To me the real tragedy was that Hannah and Owen never got to Paris.

Oh, these two broke my heart.  Totally agree.

After what I thought was a terrible episode 8, I thought Bly Manor wasn't going to stick the landing but it was mostly successful.  I was engaged for most of the series, including this episode, where I worried constantly that Dani-as-Viola would kill Jamie.   I was hoping, though not expecting, that their love would keep Viola at bay forever or possibly send her away.  I'm glad they got they years they did and I admit to tearing up a few times.  Their montage of happy years was beautifully done.   I remember thinking in one of the earlier episodes "Jamie's good people" and the actress was really very good.   Though I understood Dani's backstory and why she did what she did, I thought her characterization was less successful, though I totally bought into her relationship with Jamie.  Still, she was supposed to be a focal figure and she seemed barely there for a lot of the series, though maybe that was part of the point?  Her fading away was sad and well done.
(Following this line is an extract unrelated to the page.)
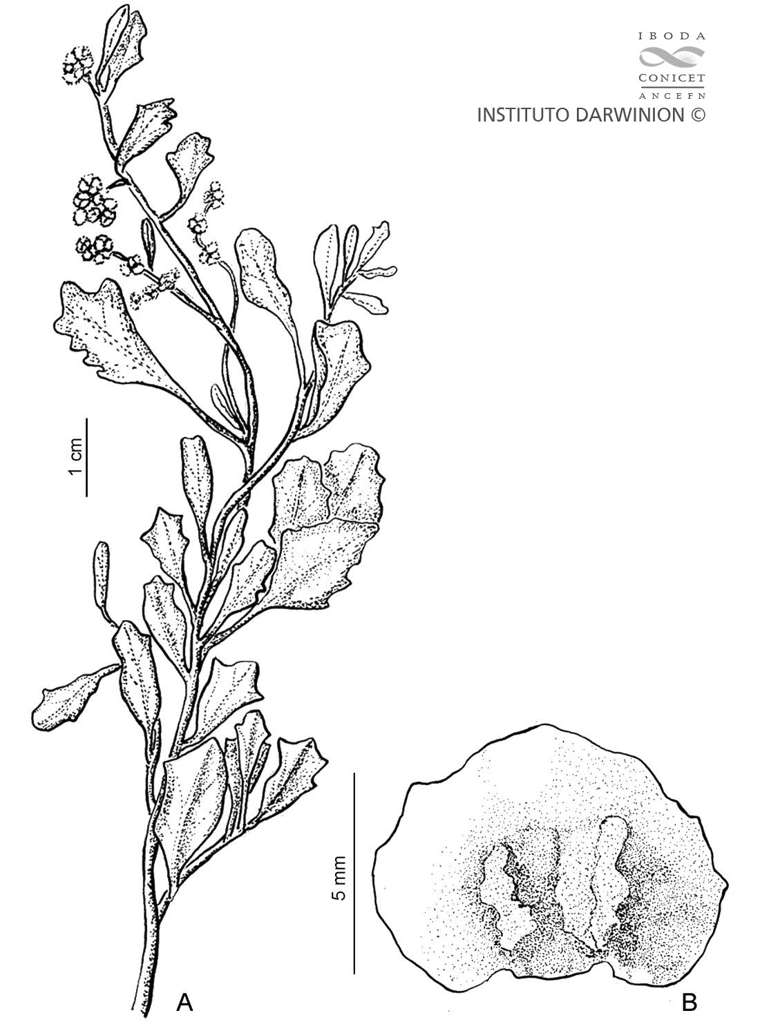 Plantas arbustivas, generalmente dioicas, de 0,8-2 m de alto. Hojas alternas, cortamente pecioladas, oblongas, elípticas, obovadas o triangulares, de 10-35 × 6-25 mm; margen entero o sinuado, base cuneada o truncada; ápice obtuso; anatomía Kranz. Inflorescencias en glomérulos agrupados en espigas terminales o axilares; flores estaminadas en glomérulos multifloros, flores carpeladas en glomérulos 4-6-floros. Bractéolas fructíferas transversalmente elipsoidales, coriáceas, de 2,5-5 × 3-5 mm, soldadas entre sí en la región basal; margen entero, ondeado o anguloso; cara externa lisa o con crestas. Semillas castañas; embrión con radícula ascendente. Subsp. grandibracteata.- Hojas de 8-40 × 3-30 mm; margen entero o apenas eroso. Bractéolas fructíferas de 5-8 × 5-8 mm; margen ondeado o anguloso; cara externa generalmente con crestas.

The ep centering on Hannah was the best and so, so sad.   Oh, HANNAH.  You deserved so much better.  I hope Owen found some happiness and not just with his restaurant (The Batter Way?  was that the name?)

I thought the kids were pretty good, actually.  The kid playing Miles had more to do and he was able to switch from Peter to Miles and back pretty well.

Speaking of which - hey, Peter, you murderous asshole!  I don't care about you!  Why did the show feel they had to give him a terrible, abusive childhood?  It didn't make me feel badly for adult Peter.   It was a failing of the show that we didn't get more on Rebecca.  Yes, beautiful, kind, intelligent women fall for men who are complete shits, it happens.  Still it seemed the show was trying to go for her having a wild side (Dani's remark that they looked like Bonnie & Clyde; Rebecca happy to have sex in the closed wing of her employer's home, wearing a dead woman's fur coat, etc) but it wasn't conveyed well at all IMO. 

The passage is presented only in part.